Extending the view to the year-to-date performance, Groupe Partouche’s total revenue for the nine-month period concluding at the end of Q3 was a robust €550.5 million. This milestone not only surpassed the €526.4 million recorded at the same time last year by 4.6% but also cemented the group’s enduring growth trajectory.

Net gaming revenue for the nine-month period also increased by 3.9% to €269.1 million, coupled with a 6.2% rise in consolidated turnover, totaling €347.8 million. Casinos continued to be the dominant revenue driver, contributing €315.0 million to the turnover, a 6.0% year-on-year increase. Meanwhile, hotel turnover increased by 2.6%, reaching €22.7 million, and other turnover surged by 24% to €10.0 million.

This performance illustrates Groupe Partouche’s adeptness in navigating the evolving landscape of the gaming industry, capitalizing on both domestic and international opportunities.
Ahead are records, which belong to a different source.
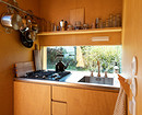 Внутри есть спальня с кроватью, которую можно убрать в пол, кухня со столовой-гостиной и душевая с санузлом. На случай холодной погоды установлен дровяной камин.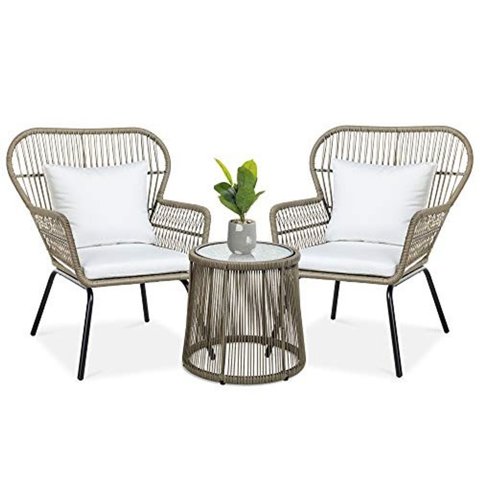 Create a cozy outdoor space with the Best Choice Products Three-Piece Patio Conversation Bistro Set - featuring all-weather wicker furniture, two comfy ergonomic chairs, cushions, and a glass top side table for timeless sophistication.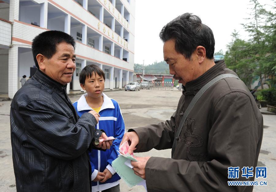 郑书明(左)为他资助的贫困生刘远牧(中)支付生活费(10月22日摄)。在重庆市黔江区,有一家“爱心旅馆”远近闻名。19年来,这家“爱心旅馆”免费为贫困学生提供吃住,至今已帮助300余名贫困学生圆了读书梦。而这家“爱心旅馆”的“店主”——郑书明,却是一位月薪仅有900多元的水泥厂的普通工人。 今年58岁的郑书明从1986年开始,25年如一日,将所有积蓄和精力都用在了贫困学生身上,自己却疾病缠身,至今仍住在单位狭小的职工宿舍。新华社记者 陈诚 摄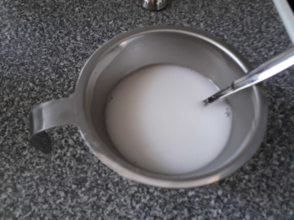 3 rkl perunajauhoja vajavaan cupilliseen kylmää vettä ja sekoitus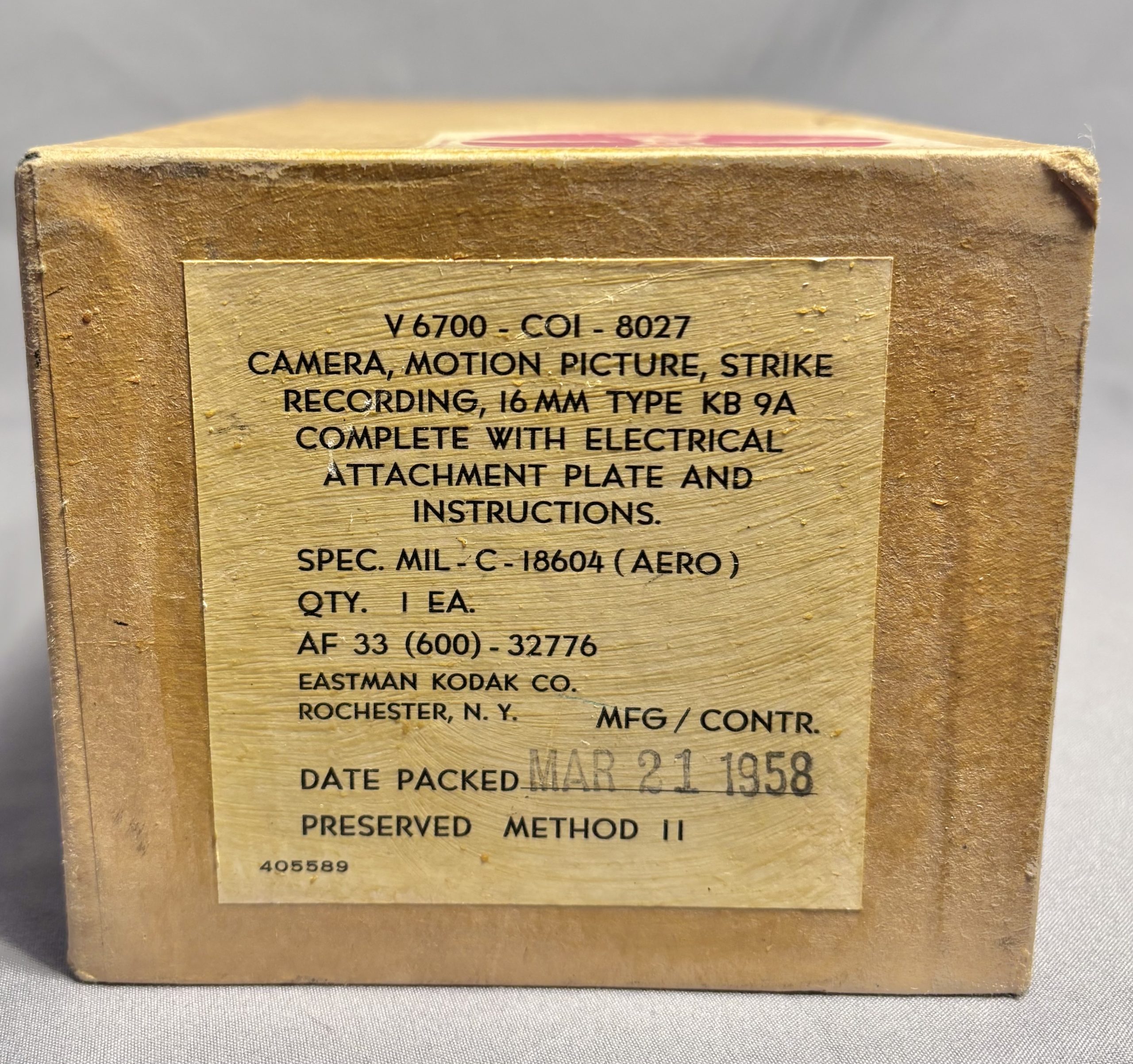 Offered here is an Old New Stock (New in Box) Eastman Kodak 16mm Motion Picture Strike Recording Camera, Type KB-9A, complete with electrical attachment plate and original instructions.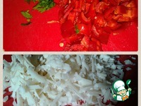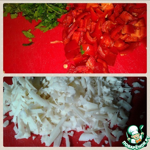 Добавляем томатный сок, болгарский перец. Специи, конечно, протушиваем до готовности ингредиентов и выпаривания лишней жидкости. В полуостывший фарш добавляем сыр. |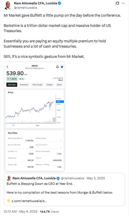 Now, I believe Berkshire is a ‘stalk’. We built a 2% position on Friday. If markets capitulate, and that’s a real possibility, the name could re-test October 2022 valuation lows in which case I would build a large position.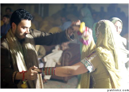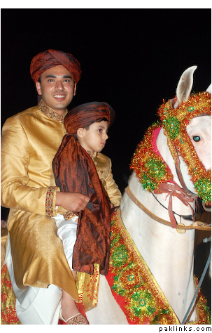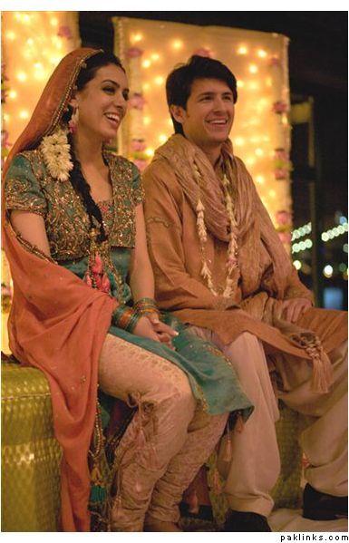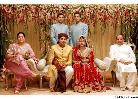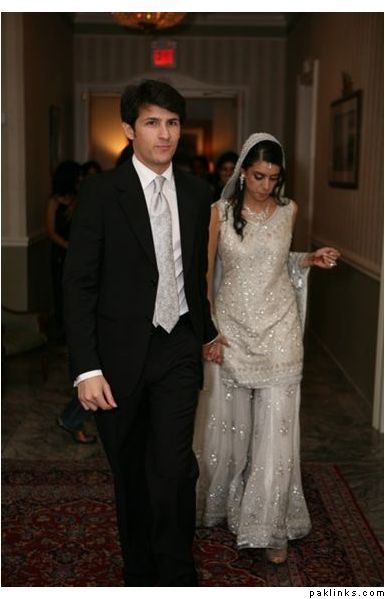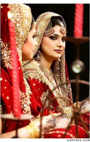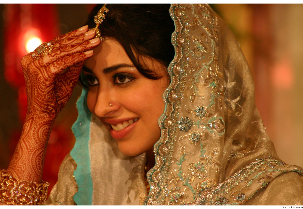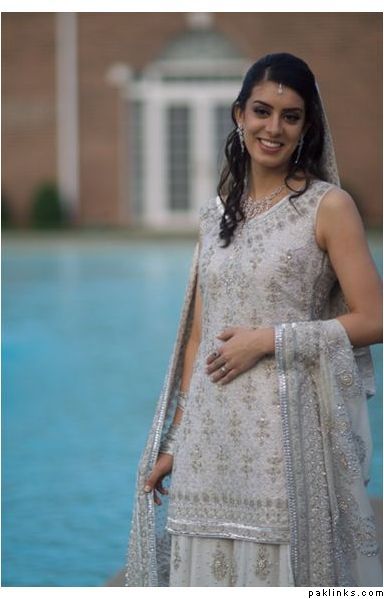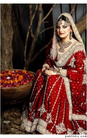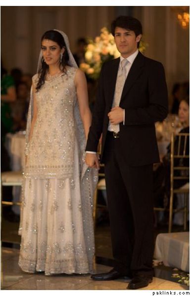I know for a fact that the wedding dress is by Nilofer, and the valima outfit is Karma (or are excellent knockoffs thereof…but judging from the rest of her set-up, my guess would be that the outfits are genuine).

The company’s strategic focus on enhancing its property portfolio and expanding its reach has clearly paid dividends. One might say, the figures are a testament to the resilience and strategic foresight of the group.

However, it’s essential to consider the other side of the coin. Some industry analysts caution that while the current expansion strategy is yielding results, the saturated nature of the European gaming market might present challenges in sustaining such growth in the long term. Additionally, regulatory changes in key markets and potential economic headwinds could impact future performance.

Nonetheless, Groupe Partouche’s executives seem confident in their trajectory, suggesting that the blend of tradition and innovation will keep them ahead in the game. As they look to the future, the focus remains on enhancing the guest experience and leveraging technology to maintain a competitive edge.

In sum, Groupe Partouche’s robust performance in Q3 exemplifies how strategic expansions and adaptations can drive growth in a competitive market. As they continue to explore new avenues and fortify their presence in existing ones, the group’s ability to balance risk and opportunity will be critical in sustaining this upward momentum.